About this exercise
Please give back, exactly as written, the lines from the line with "You can audition" to the line with "DO NOT STORE" in the listing below, leaving out all pictures.

Supplied material
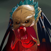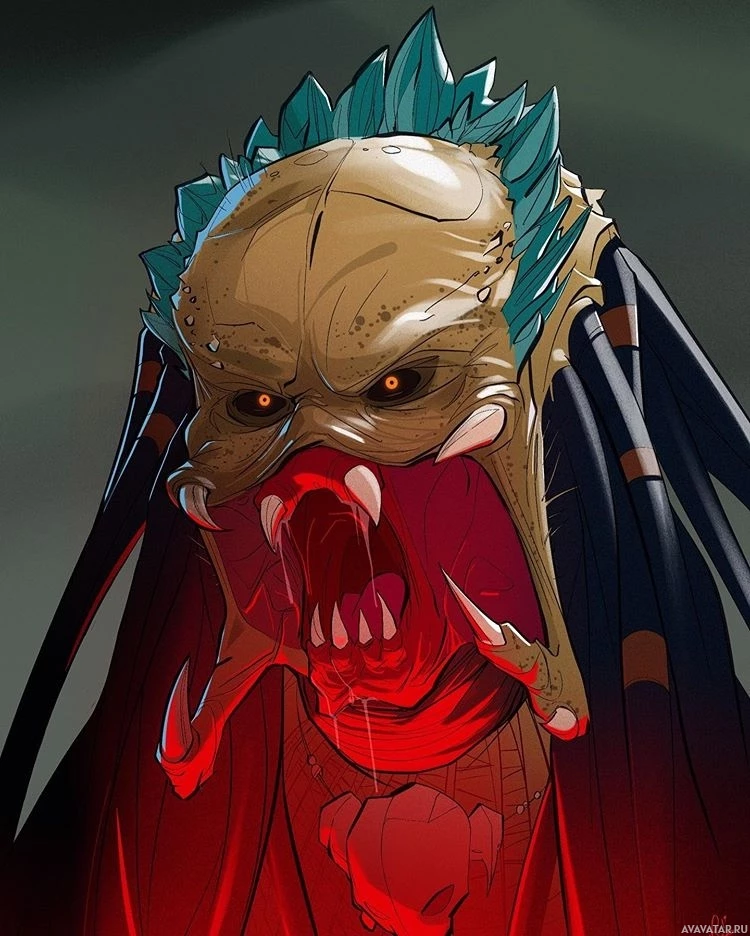 The image shows an illustration of a creature that resembles the Predator from
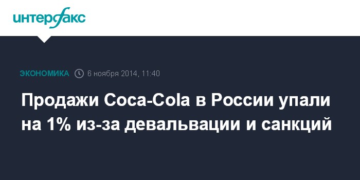 Ранее Coca-Cola Co. сообщала о падении объема продаж в России, Белоруссии и на Украине на 3% в III квартале.
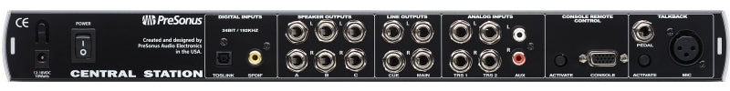 You can audition these sources with up to three pairs of speakers, with individual trim pots for each speaker. You also get two screaming-loud headphone amplifiers with individual level controls. If two sets of cans aren't enough, simply connect the line-level cue outputs to a headphone distribution system-say, a PreSonus HP2, HP4, or HP60. And because Central Station is a 1U rack-mount device, with only one multi-conductor cable running to the remote control on your desktop, all of the cabling is in the back of your rack, where it belongs.
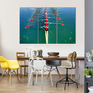 Eight Rowers Competing on Blue Water Canvas Wall Art
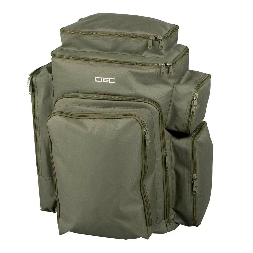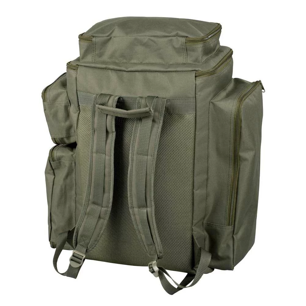 A large backpack with lot of storage options. There is a pocket on the left where you can store your buzzerbars, a pocket for your tackle box on the front, the right side has 2 pockets for various accessories and there is another practical pocket on top for storage of phone, wallet or similar things. The main compartment can be reached from the top or front, which can be very useful when you need to reach the bottom of the bag.
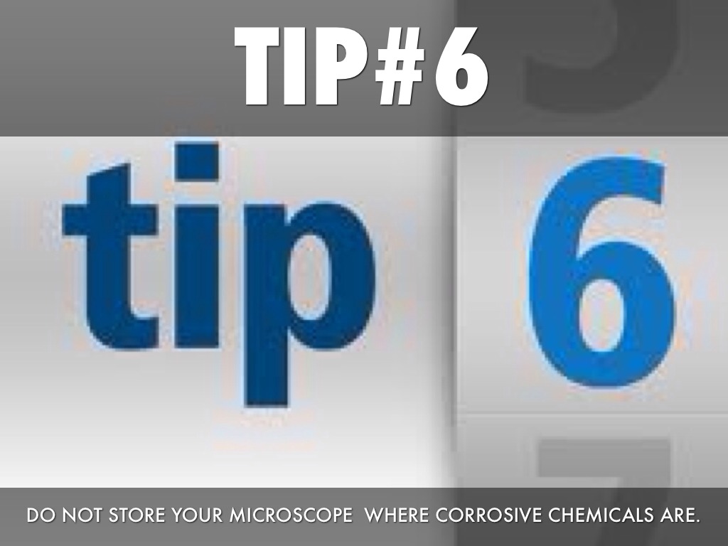 DO NOT STORE YOUR MICROSCOPE WHERE corrosive CHEMICALS ARE.
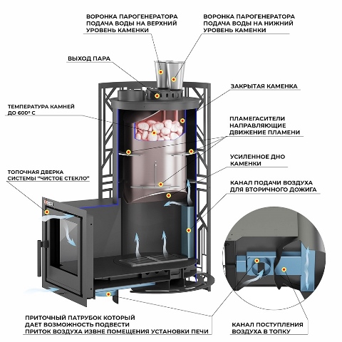 Откройте секреты идеального пара вместе с банной печью «Эверест Steam Master Galaxy 24»! Выберите комфорт и безопасность закрытого типа каменки из качественной нержавеющей стали! - Надежность — печь выполнена по ГОСТу из высококачественной жаропрочной стали марки 09Г2С; - Удобство обслуживания благодаря выносной топке; - Эффективное отопление помещения объёмом до 24 кубических метров всего от одной закладки дров; - Прочный стальной кожух-сетка обеспечит долгий срок службы без потери внешнего вида. Создайте свой идеальный микроклимат с российской продукцией премиум-класса!

The answer
 You can audition these sources with up to three pairs of speakers, with individual trim pots for each speaker. You also get two screaming-loud headphone amplifiers with individual level controls. If two sets of cans aren't enough, simply connect the line-level cue outputs to a headphone distribution system-say, a PreSonus HP2, HP4, or HP60. And because Central Station is a 1U rack-mount device, with only one multi-conductor cable running to the remote control on your desktop, all of the cabling is in the back of your rack, where it belongs.
 Eight Rowers Competing on Blue Water Canvas Wall Art
 A large backpack with lot of storage options. There is a pocket on the left where you can store your buzzerbars, a pocket for your tackle box on the front, the right side has 2 pockets for various accessories and there is another practical pocket on top for storage of phone, wallet or similar things. The main compartment can be reached from the top or front, which can be very useful when you need to reach the bottom of the bag.
 DO NOT STORE YOUR MICROSCOPE WHERE corrosive CHEMICALS ARE.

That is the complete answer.